Now that we have explained the Talend Open Studio and walked you through the Talend Cloud UI in Part 1, let’s start our job by dragging the existing metadata object from the repository “Account” from Salesforce into the open palette in the middle. On the screen that pops up, we select the input option – because we want to pull our specific set of Salesforce CRM data. After that is selected, we see an “Input” component on our open palette.

talend cloud

Now we go to the bottom part of the screen to configure the component. We want a very specific set of fields, so we use a manual query that we have predefined.  To do this, we copy that and paste the query into the “Full SOQL query string” field. 

Next, we select to “Guess schema” based off the query, and the results appear in the “Full SOQL query string” field. Then we check “Edit Schema” to view the query or the schema and see exactly what we have pulled. What we see are the main fields we want to pull out of Salesforce and put into the Snowflake cloud data warehouse, which is order and account information. It looks good to us, and we can move on to the next step.

The tMap and Salesforce Data Lookups

Next, we do a quick search to find the  tMap.  The tMap component is a core feature of Talend Open Studio and is primarily used for mapping input fields to output fields and transforming the input data. When the tMap opens, it appears on the middle palette, and we map it to our “Account” object, which contains our Salesforce data. We have now successfully connected the output of Salesforce into the tMap.

salesforce cloud

Then we want to find the main contact information that we want to load to the Snowflake cloud data warehouse. We go to the left side of the screen to the metadata repository under “Salesforce” and pull in “Contacts” to the middle palette. We do this as a lookup: for every order we have the account, but we also want to know who the main contact is. We use a predefined query that limits the number of columns, because most of the time every object in Salesforce has hundreds of columns, and this is a fast and easy way to limit the columns that are pulled.

Download The Cloud Data Integration Primer now.
Download Now

We hit “Guess schema” to apply our predefined query into the defined columns.
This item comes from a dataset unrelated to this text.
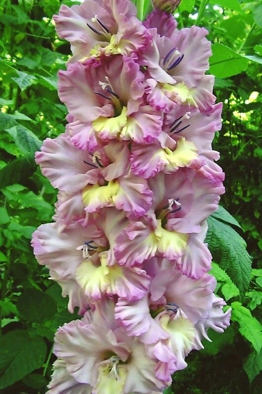 Kuzněcov 2009,575,M. Světle šeříkově růžová se zesílením odstínu ke krajům okvětních lístků ve formě šeříkové lemovky. Spodní okvětní lístek s krémově zlatým jazýčkem. Skvělá harmonická kombinace odstínů. Krásné silné zřasení. Velmi dlouhé a pevné klasy s hustým uspořádáním květů ve dvouřadu. Vynikající růstové vlastnosti. Vynikající zahradní efekt.

Below you can see we have first name, last name, account ID...the basic things we want. We drag that to our tMap which is almost ready to go, but first we do a quick test. We search for, and find, “tLogRow” which pulls the output for us to see as a quick test, now we just need to connect the output.

schema

We go into our tMap to join the data from our first Salesforce input to our contacts by simply dragging the “Order AccountId” and down to the “Id”.  This is doing a basic lookup or a join between those two sources, so we will now get all the contacts for that particular account in the order.

Next, we pull our output over to the right side of the screen to the output schema by highlighting and dragging and dropping it over for very fast mapping of inputs to outputs. It’s easy to test the output schema we just created using the tLogRow.
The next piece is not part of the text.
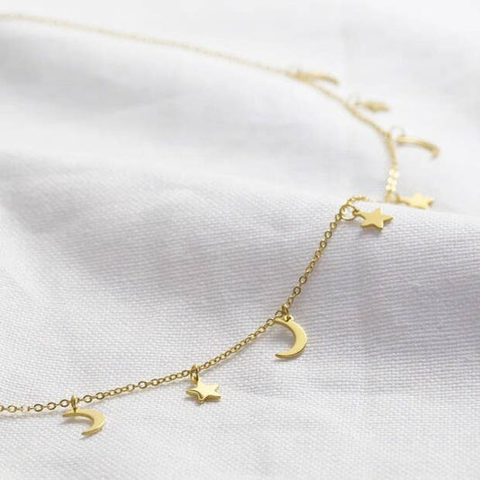Gold Stainless Steel Star and Moon Charm Necklace

Running a Test of Salesforce to Snowflake

To run this test, go to the “Job SFDC to Snowflake” tab at the bottom of the Open Studio screen and click “Run”. We see the data flowing in the job we just created, and now we know the join is successful, so we remove the tLogRow and complete the job.

flows

Next in the metadata repository, we will find the table in Snowflake that’s called “SFDC_CHEMICAL_ORDERS” –  this is where we want our Salesforce data to be written into Snowflake.  Then we go back to the tMap and see the schema of the table from Snowflake.
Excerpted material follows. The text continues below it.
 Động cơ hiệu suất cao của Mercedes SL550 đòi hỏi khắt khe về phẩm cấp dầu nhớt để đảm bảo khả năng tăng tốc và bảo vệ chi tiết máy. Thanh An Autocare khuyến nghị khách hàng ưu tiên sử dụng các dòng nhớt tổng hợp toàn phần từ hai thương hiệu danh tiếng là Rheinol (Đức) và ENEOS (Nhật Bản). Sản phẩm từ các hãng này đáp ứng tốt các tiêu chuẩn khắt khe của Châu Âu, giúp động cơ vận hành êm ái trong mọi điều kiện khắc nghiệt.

We click on “Auto map!” and do some quick data conversions: the quantity (below) in Salesforce is a double, but in the Snowflake cloud data warehouse, it’s a big decimal, so we go to the expression builder and use an example of our expression we have ready. Finally, we map the order date, the account name, and the product ID manually because they didn't auto map. We do this by dragging and dropping. Then, we want to see how it has populated into the Snowflake cloud data warehouse.

We hit “OK” and run this from the Talend Open Studio first and make sure it works, and it does, so we can move on to the next step: publishing to Talend cloud integration platform. To do this, we run the AWS VPC using the Talend Remote Engine which we pre-installed. The Talend Remote Engine is a small agent that you can install behind your company’s security walls, and it communicates to Talend Cloud through simple http protocols.  We return to the Snowflake database worksheet, where we can execute queries against our database. We see that we went from 820 to 984 rows, indicating we are inserting data into our table through Talend Open Studio. Now that we have built the job, we are ready to publish to the cloud.

We go back to the Talend screen, and to publish, we first save it, and right click “Publish” to connect to the cloud integration environment.

Then it asks us where we want to publish it to, and we choose our pre-defined environment – which is the production (“Prod”) environment (publishing straight to production is not best practice, but we are using it for this demo). We select it and hit “Finish”.  Then we watch as it builds the Java libraries and objects. Next we want to check out the results.

select salesforce             

Publishing the Job to the Cloud

We then return to Talend Cloud to publish our job to the cloud and automate it. Inside the cloud integration platform, we see “Flows”, “Operations”, “Manage”, and “Administration” on the left side of the screen. To see the job that we just published, we go into “Manage” and do a search to find the “SFDC to Snowflake” job we just published to the cloud.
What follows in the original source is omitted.